Now when PETA catches the feral cats to neuter them, they'll give them a sweater too.


----------



## flyfish (Dec 4, 2001)

Our numbers seem to be about average.


----------



## Neal (Mar 20, 2001)

Years ago I used to hunt a friends property that was managed for rabbit hunting (QRM?) He told me he had best results by building a couple HUGE brush piles on the property. These were the size of a school bus and included lots of tree trunks. He had a tractor to do the heavy lifting.
He then had many small satellite brush piles scattered throughout the property. 

His theory was by having these couple large fortress the rabbits would be protected and would multiply. The rabbits then would naturally disperse to the smaller (huntable) brush piles on the property.
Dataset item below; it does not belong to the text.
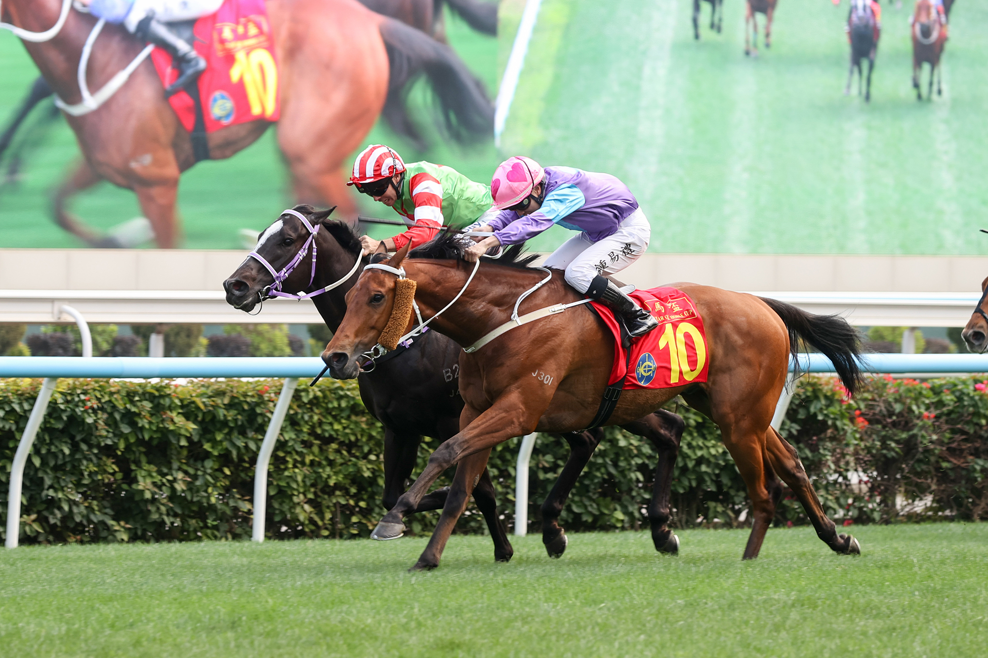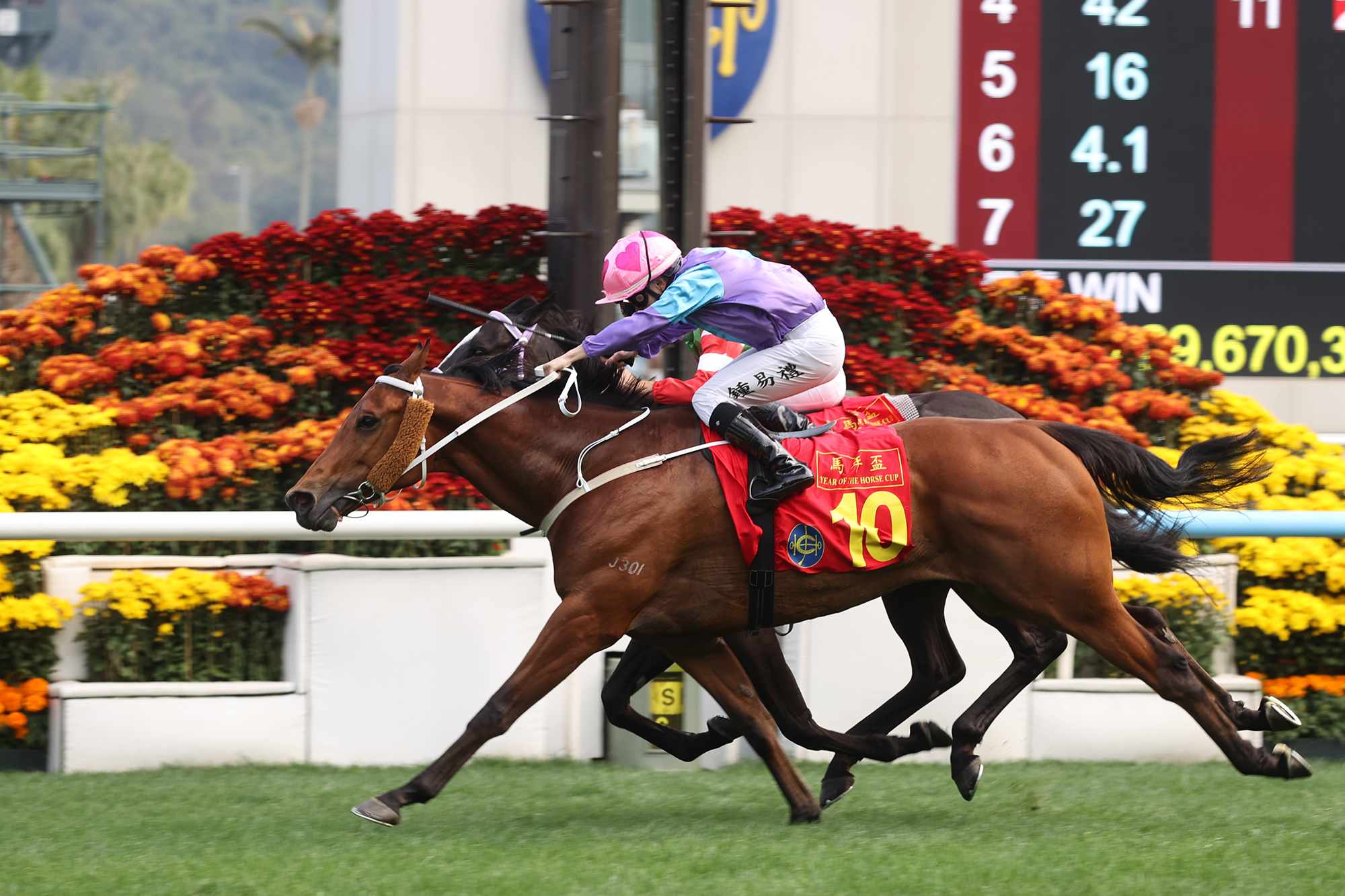 The Tony Cruz-trained Stunning Peach ridden by Angus Chung takes the HK$3.12 million Class 2 The Year Of The Horse Cup Handicap (1600m) at the Year Of The Horse Raceday at Sha Tin Racecourse today (Thursday, 19 February), scoring his first win this season.

Hunting the small piles was VERY productive​


----------



## KI Jim (Apr 14, 2004)

I hunt in Washtenaw, Jackson and Ingham counties. I have seen dramatic declines in the rabbit numbers. 10-20 years ago, it was limits pretty much every time out (jump hunting-no dogs). About 10 years ago, I began seeing a serious decline where now it looks like they are almost extinct in the areas I hunt. No tracks, no road kill. I haven't shot one in 5 years. Too bad because for young hunters, it used to be the best.


----------



## nick burk (May 3, 2012)

Coyotes has hit them hard

posted using Outdoor Hub Campfire


----------